What you will do: Give all of the listing again word for word, with images excluded.

BEGIN Supplied entries

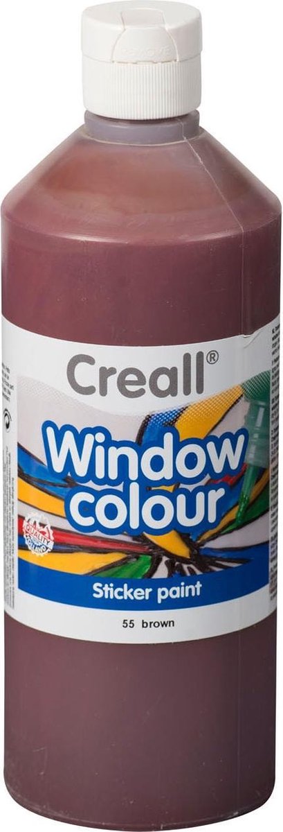 Unieke stickerverf in de kleur BRUIN. Na droging vormt de verf een soort sticker. Sticker hecht goed op gladden oppervlakken: ramen, windlichten, vazen, jampotten of spiegels. Gebruiksklaar door handige tuitdop, geen kwasten nodig. Vloeit egaal uit, droogt transparant glanzend op. Lichtecht, kleuren vervagen niet in he zonlicht. Waarschuwing: kleine onderdelen; risico van inslikken.
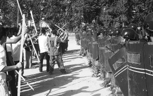 短時間內,由一百多名該分區人武部“處突”官兵、應急分隊民兵組織“突擊分隊”全副武裝集合完畢。然后,他們分乘3輛大卡車快速向目標地域開進。
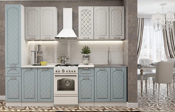 Цвет: сандал белый/голубая патина Материал корпуса - ЛДСП. Фасады изготовлены из МДФ с фрезеровкой. Корпус гарнитура белый. Верхние фасады в цвете сандал белый, а нижние фасады в цвете голубая патина. Верхние модули: Высота - 720 мм., Глубина - 320мм., Ширина модулей 800мм. Шкаф верхний с двумя дверцами 800 2шт Шкаф верхний 400мм со стеклом с пескоструем Нижние модули Высотой 845 мм, Глубина 445 мм, Ширина модулей 800мм Шкаф нижний с двумя дверцами 800 Шкаф нижний под мойку 800 (для установки накладной мойки с размером 800*600) Шкаф нижний 400 (один выдвижной ящик на роликовых направляющих) Столешница "Антарес" : глубина - 600мм. Ширина 800+400 Мойка накладная 800*600 в стоимость не входит Гарнитур шириной 2,4 метра комплектуется Пеналом. Ширина пенала 400 мм. Высота 2140 и глубиной 580 мм. Пенал глухой в цвете голубая патина с одним выдвижным ящиком на роликовых направляющих. Пенал или левый или правый - на Ваше усмотрение Возможность дополнить модулями: нет
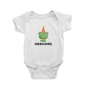 Birthday Frog Frog Wearing Party Hat Addname Baby Romper
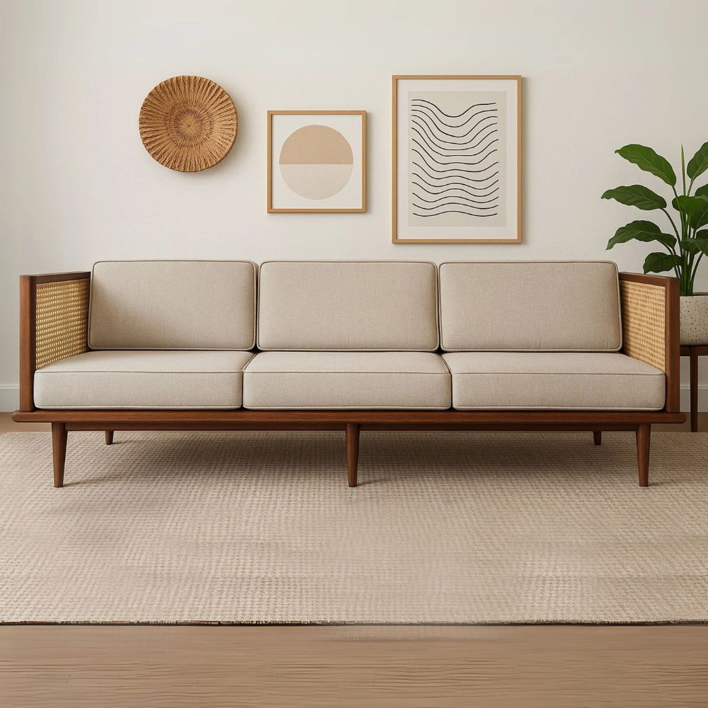 Wooden Cane Handcrafted Carving Sofa
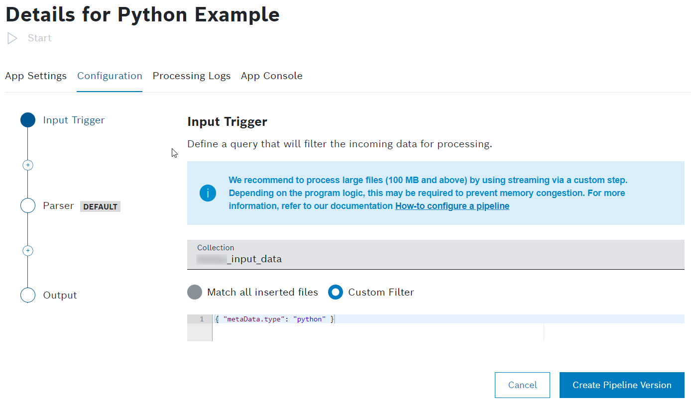 { "metaData.type": "python" }as the filter. Leave the Parser as it is.
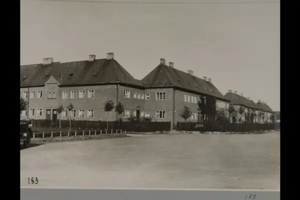 Husfasader mot Ansgar Sørlies vei. Kaare Røddes plass opp til venstre. Fra Lille Tøyen haveby (hageby). Sannsynligvis fra 1920-tallet. Albumtittel: "Fotografier over Kristiania kommunes boligbebyggelse".
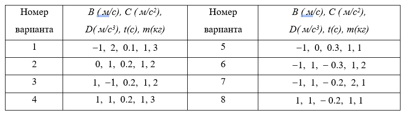 Тело массой т движется поступательно под действием некоторой силы F согласно уравнению x = 3A + 2Bt + Ct2 - Dt3. Найти мощность, развиваемую силой F в момент времени t. Ответ записать в Вт с точностью до сотых.
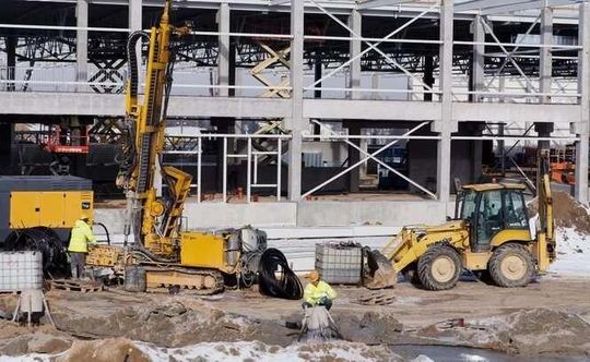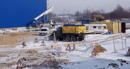 Pod koniec października uroczyście wmurowano kamień węgielny pod budowę sklepu. W tej chwili na placu budowy przy al. Spółdzielczości Pracy wznoszone są już pierwsze ściany.
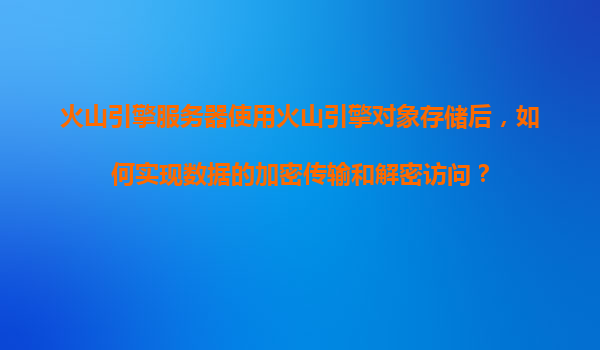 4008-020-360 火山引擎服務(wù)器使用對(duì)象存儲(chǔ)的加密傳輸與解密訪問(wèn)方案 火山引擎對(duì)象存儲(chǔ)的安全特性 火山引擎對(duì)象存儲(chǔ)(TOS)提供全鏈路數(shù)據(jù)安全防護(hù),內(nèi)置服務(wù)端加密(SSE)功能,支持用戶自定義密鑰或托管密鑰的加密方式...
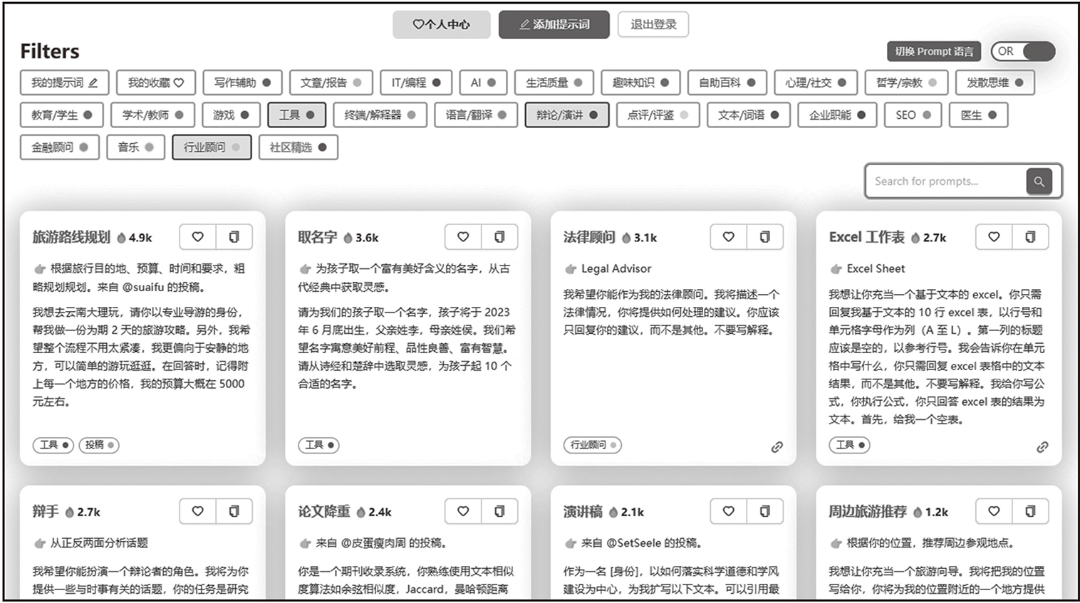 不过这需要一定的项目搭建能力。幸运的是,笔者构建了一个支持提示词管理与分享的社区网站,为广大读者提供提示词交流与管理的平台。并且,笔者将前作中的100多个结构化提示词,及本作中的升级版提示词都放入了该提示词管理网站(如图2-10所示)。
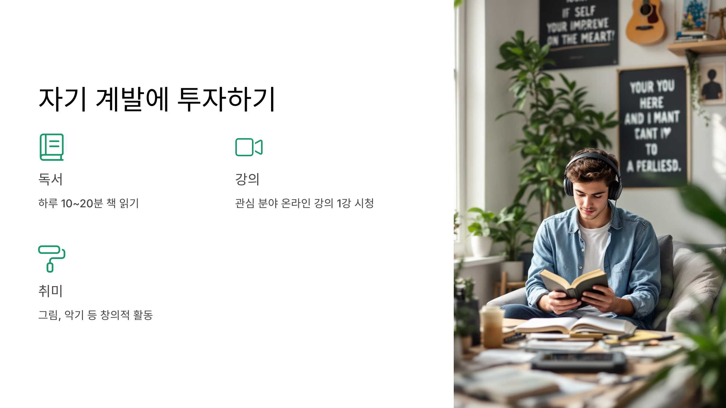 - 독서, 온라인 강의, 외국어 학습 등 자기 계발 활동에 시간을 투자하세요.
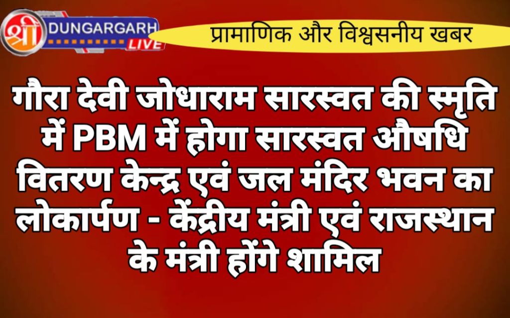 अपने दिवंगत माता पिता की पुण्य स्मृति में श्री डूंगरगढ़ विधायक ताराचन्द सारस्वत ने करवाया औषधि वितरण केन्द्र और जलमंदिर भवन का निर्माण ,कल होगा उद्घाटन।बीकानेर स्व. गौरा देवी जोधाराम सारस्वत की पुण्य स्मृति में उनके पुत्र श्री डूंगरगढ़ विधायक ताराचन्द सारस्वत ने राजकीय PBM अस्पताल परिसर में डायबीटीज विभाग के पास सारस्वत औषधि वितरण एवम जल मंदिर भवन का निर्माण करवाकर जन हित का कार्य किया।जिसका उद्घाटन एवम लोकार्पण दिनांक 16 मार्च 2024 को दोपहर 1:30 बजे केंद्रीय कानून एवं न्याय विभाग मंत्री अर्जुन राम मेघवाल,चिकित्सा मंत्री गजेन्द्र सिंह खींवसर, खाद्य एवं नागरिक आपूर्ति मंत्री सुमित गोदारा के द्वारा होगा।इस अवसर पर जिलाध्यक्ष जालम सिंह भाटी,खाजूवाला विधायक विश्वनाथ मेघवाल,नोखा पूर्व विधायक बिहारीलाल विश्नोई विशिष्ठ अतिथि मंत्री सहित वरिष्ठजन,पार्टी कार्यकर्ता एवं नागरीकगण शामिल होंगे।सारस्वत ने बताया कि इस औषधि वितरण केंद्र डी डी सी भवन में सरकार द्वारा 24 घंटे निःशुल्क दवाई वितरण होगा.
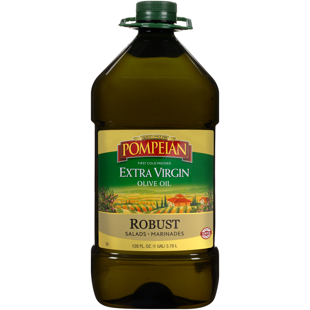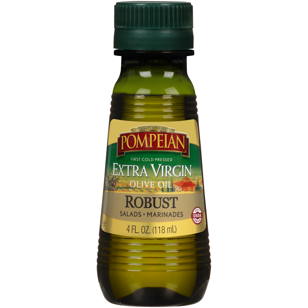 Pompeian Extra Virgin Olive Oil, Robust For Salads & Marinades 4 FL Oz "Per One TBSP: 120 Calories, 14g Total Fat, 0mg Cholesterol, 0mg Sodium, 0g Total Carbohydrate, 0g Protein" ![]() |
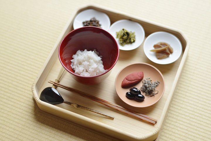 「粥茶のコース」は要予約。食前のお茶と料理二品に続き、炊き加減の異なる粥を段階的に供する。佃煮や漬物、梅干しなどの粥のともを添えて。

END Supplied entries

Task result:
 Unieke stickerverf in de kleur BRUIN. Na droging vormt de verf een soort sticker. Sticker hecht goed op gladden oppervlakken: ramen, windlichten, vazen, jampotten of spiegels. Gebruiksklaar door handige tuitdop, geen kwasten nodig. Vloeit egaal uit, droogt transparant glanzend op. Lichtecht, kleuren vervagen niet in he zonlicht. Waarschuwing: kleine onderdelen; risico van inslikken.
 短時間內,由一百多名該分區人武部“處突”官兵、應急分隊民兵組織“突擊分隊”全副武裝集合完畢。然后,他們分乘3輛大卡車快速向目標地域開進。
 Цвет: сандал белый/голубая патина Материал корпуса - ЛДСП. Фасады изготовлены из МДФ с фрезеровкой. Корпус гарнитура белый. Верхние фасады в цвете сандал белый, а нижние фасады в цвете голубая патина. Верхние модули: Высота - 720 мм., Глубина - 320мм., Ширина модулей 800мм. Шкаф верхний с двумя дверцами 800 2шт Шкаф верхний 400мм со стеклом с пескоструем Нижние модули Высотой 845 мм, Глубина 445 мм, Ширина модулей 800мм Шкаф нижний с двумя дверцами 800 Шкаф нижний под мойку 800 (для установки накладной мойки с размером 800*600) Шкаф нижний 400 (один выдвижной ящик на роликовых направляющих) Столешница "Антарес" : глубина - 600мм. Ширина 800+400 Мойка накладная 800*600 в стоимость не входит Гарнитур шириной 2,4 метра комплектуется Пеналом. Ширина пенала 400 мм. Высота 2140 и глубиной 580 мм. Пенал глухой в цвете голубая патина с одним выдвижным ящиком на роликовых направляющих. Пенал или левый или правый - на Ваше усмотрение Возможность дополнить модулями: нет
 Birthday Frog Frog Wearing Party Hat Addname Baby Romper
 Wooden Cane Handcrafted Carving Sofa
 { "metaData.type": "python" }as the filter. Leave the Parser as it is.
 Husfasader mot Ansgar Sørlies vei. Kaare Røddes plass opp til venstre. Fra Lille Tøyen haveby (hageby). Sannsynligvis fra 1920-tallet. Albumtittel: "Fotografier over Kristiania kommunes boligbebyggelse".
 Тело массой т движется поступательно под действием некоторой силы F согласно уравнению x = 3A + 2Bt + Ct2 - Dt3. Найти мощность, развиваемую силой F в момент времени t. Ответ записать в Вт с точностью до сотых.
 Pod koniec października uroczyście wmurowano kamień węgielny pod budowę sklepu. W tej chwili na placu budowy przy al. Spółdzielczości Pracy wznoszone są już pierwsze ściany.
 4008-020-360 火山引擎服務(wù)器使用對(duì)象存儲(chǔ)的加密傳輸與解密訪問(wèn)方案 火山引擎對(duì)象存儲(chǔ)的安全特性 火山引擎對(duì)象存儲(chǔ)(TOS)提供全鏈路數(shù)據(jù)安全防護(hù),內(nèi)置服務(wù)端加密(SSE)功能,支持用戶自定義密鑰或托管密鑰的加密方式...
 不过这需要一定的项目搭建能力。幸运的是,笔者构建了一个支持提示词管理与分享的社区网站,为广大读者提供提示词交流与管理的平台。并且,笔者将前作中的100多个结构化提示词,及本作中的升级版提示词都放入了该提示词管理网站(如图2-10所示)。
 - 독서, 온라인 강의, 외국어 학습 등 자기 계발 활동에 시간을 투자하세요.
 अपने दिवंगत माता पिता की पुण्य स्मृति में श्री डूंगरगढ़ विधायक ताराचन्द सारस्वत ने करवाया औषधि वितरण केन्द्र और जलमंदिर भवन का निर्माण ,कल होगा उद्घाटन।बीकानेर स्व. गौरा देवी जोधाराम सारस्वत की पुण्य स्मृति में उनके पुत्र श्री डूंगरगढ़ विधायक ताराचन्द सारस्वत ने राजकीय PBM अस्पताल परिसर में डायबीटीज विभाग के पास सारस्वत औषधि वितरण एवम जल मंदिर भवन का निर्माण करवाकर जन हित का कार्य किया।जिसका उद्घाटन एवम लोकार्पण दिनांक 16 मार्च 2024 को दोपहर 1:30 बजे केंद्रीय कानून एवं न्याय विभाग मंत्री अर्जुन राम मेघवाल,चिकित्सा मंत्री गजेन्द्र सिंह खींवसर, खाद्य एवं नागरिक आपूर्ति मंत्री सुमित गोदारा के द्वारा होगा।इस अवसर पर जिलाध्यक्ष जालम सिंह भाटी,खाजूवाला विधायक विश्वनाथ मेघवाल,नोखा पूर्व विधायक बिहारीलाल विश्नोई विशिष्ठ अतिथि मंत्री सहित वरिष्ठजन,पार्टी कार्यकर्ता एवं नागरीकगण शामिल होंगे।सारस्वत ने बताया कि इस औषधि वितरण केंद्र डी डी सी भवन में सरकार द्वारा 24 घंटे निःशुल्क दवाई वितरण होगा.
 Pompeian Extra Virgin Olive Oil, Robust For Salads & Marinades 4 FL Oz "Per One TBSP: 120 Calories, 14g Total Fat, 0mg Cholesterol, 0mg Sodium, 0g Total Carbohydrate, 0g Protein" ![]() |
 「粥茶のコース」は要予約。食前のお茶と料理二品に続き、炊き加減の異なる粥を段階的に供する。佃煮や漬物、梅干しなどの粥のともを添えて。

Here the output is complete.